By use of in situ hybridization experiments, the transcripts of several different mouse homeo-genes (Hox-1.2, -1.3, -1.4, -1.5, -3.1 and -6.1) have been localized in l2½-day mouse embryos. In a comparison of these genes on adjacent or nearby embryo sections, it is found that their transcripts occupy domains which are usually different, although overlapping, along the anteroposterior axis of the body. The domains are not limited to single segments (assumed to be represented by single prevertebrae) but they encompass regions of adjacent segments. In addition to the prevertehral column, the transcript domains extend into the central nervous system and at least some of the organs (pharynx, thyroid, trachea, lung, stomach and kidney).
Within the prevertebral column, a striking feature of most of the domains is that the abundance of transcripts rises (anteriorly) and falls (posteriorly) over a distance of several adjacent prevertebrae.

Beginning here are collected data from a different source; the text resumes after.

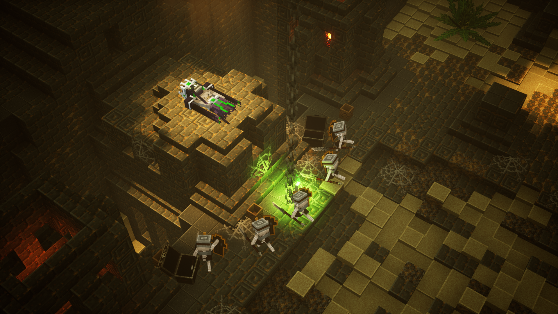In Rise of the Arch-Illager, when Archie is leading the illagers to the Squid Coast, he decides to take a wide arc around the Desert Temple. Unknown to Archie, despite this, the Nameless One knows of the abilities of the Orb of Dominance and sends husks and skeletons to follow the illagers under the cover of darkness. After the illagers launch their raid on the village and Archie is confronted by Yumi, the Undead army appears. They launch their own raid, attacking illagers, villagers, and heroes alike. Archie is shot twice by two skeletons and falls unconscious. Archie wakes up in the midst of being carried to the desert temple and the leading necromancer knocks him out with its staff. He wakes in a prison cell held by a different necromancer who leads him captive to the throne room. In the throne room, Archie meets the Nameless One in person. The Nameless One makes it clear that it desires the Orb of Dominance to make the Undead army immune to sunlight. Archie makes it clear that he will not part with the Orb of Dominance. With both of them trying to gain the upper hand in the tense conversation, they eventually come to an agreement: Archie can use the Orb of Dominance to make the Undead immune to the sunlight and the Nameless One will allow Archie to command the Undead army.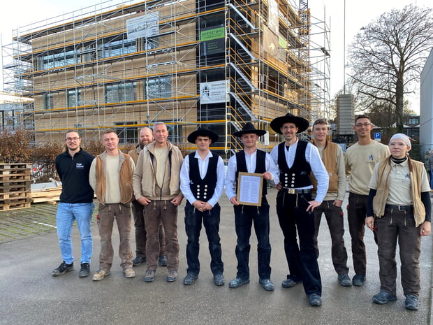 Die Handwerker stiegen aufs Dach des nun dreigeschossigen Gebäudes, um den Richtspruch zu halten. Der Zimmermann in echte Kluft verkündete: „… Fortan diene dieser Ort dem guten Rat, dem edlen Wort. Und uns’re hoffnungsvolle Jugend lerne Ehrbarkeit und Tugend. Nicht nur Wissen, Geistesgaben, auch Charakter muss man haben. …“ Weiter wünschte er, dass der schulische Erfolg erblühe, ein guter Geist einziehe und die Schulgemeinschaft gedeihen möge. Der Redner warf sein Trinkglas hinunter auf den Grund, wo es zersplitterte und weihte so das Haus den guten Wünschen. Anschließend luden Bauleiterin und Architekten zur Besichtigung des nachhaltigen Bauwerks ein. Um Material und Kosten einzusparen und ökologisch sinnvoll zu handeln, so erläuterten sie, habe das Planungsteam konsequent auf Wiederverwendung und Ressourcenschonung gesetzt. Alles, was baulich weiter nutzbar war, sei integriert worden. So wurde der Rohbau des Bestandsgebäudes, also Bodenplatte, Stützen und Geschossdecken, erhalten und für die Aufstockung ertüchtigt. Fürs Tragwerk der Erweiterung habe man eine leichte Holzkonstruktion eingebaut. Die Außenwände seien nur aus nachhaltigen Materialien wie heimischem Holz gebaut. Auf der Nordseite bestehe die Fassade teilweise aus 30 Zentimetern ungedämmtem Stahlbeton. Dieser werde mit Dämmplatten und einer vorgehängten Holzschalung versehen, um sie ans neue Fassadenbild anzupassen. Die Außenwände auf der Südseite des ersten Obergeschosses blieben erhalten. Zudem werden die Betonfertigteile der Bestandsfassaden soweit möglich in die neue Fassade integriert. Auch die bestehenden Fenster aus dem Jahr 2009 wurden wiederverwendet. Das Flachdach wird eine extensive Dachbegrünung und eine aufgeständerte PV-Anlage erhalten.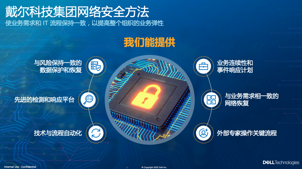 戴尔认为,现代安全必须是内置的、统一的、情景关联的。换句话说,安全策略和技术必须与体系结构、应用负载以及业务目标相统一。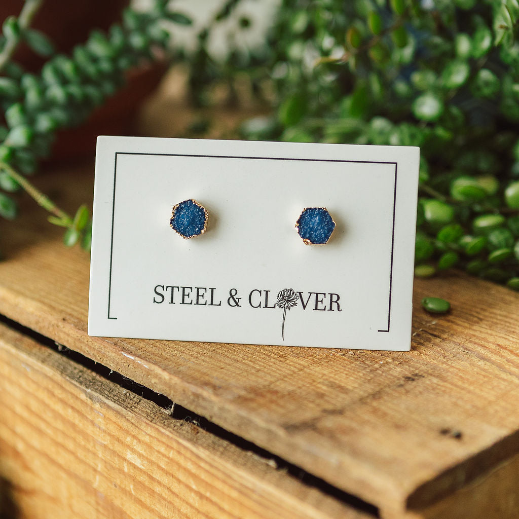 Eye catching resin surrounded by gold plating capture the light and make these earrings a stunning addition to any outfit.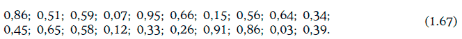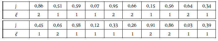Значения этой случайной величины, приписываемые случайным числом из последовательности (1.67), приведены ниже: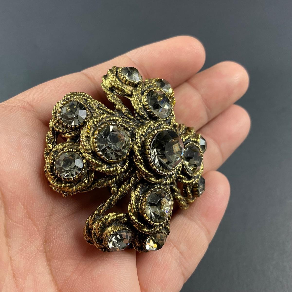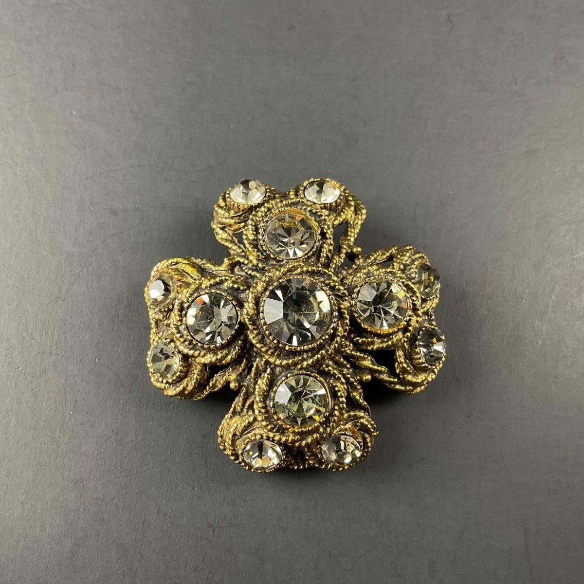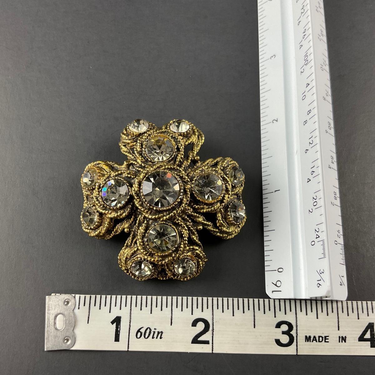 -101- HARGO NY | Maltese Cross Brooch gold Tone & Rhinestone | Marked

For Hox-1.4 and Hox-1.3 the rise is over prevertebrae within the cervical region. For Hox-6.1, Hox-1·2 and Hox-3.1, the rise is over prevertebrae within the thoracic region. For each of the genes examined, transcripts in the central nervous system extend to a more anterior position in the body than transcripts in the prevertebral column. The myelencephalon of the hindbrain contains at least three different anterior boundaries for homeo-gene transcript domains. The positions of these are defined by Hox-1.5 (most anterior), Hox-1.4 and Hox-1.3. Anterior boundaries for Hox-6.1 and Hox-1.2 are apparently located at the Hox-1.3 position. Homeo-gene transcript domains extend into several structures known to be derived, at least in part, from the neural crest. These include the ventral pharynx, thyroid, aortic trunk and, probably, the sympathetic nerve chain and thymus.
For several genes of the Hox-1 clusterr we note a correspondence between the serial arrangement of genes on the chromosome and the arrangement of their transcript domains in the developing embryo. We also note some striking similarities between the transcript domains of different homeo-genes that share the same subfamily (Duboule et al. 1988). These observations, and others, offer possible clues about the molecular mechanisms that might underlie the formation and maintenance of homeo-gene transcript domains.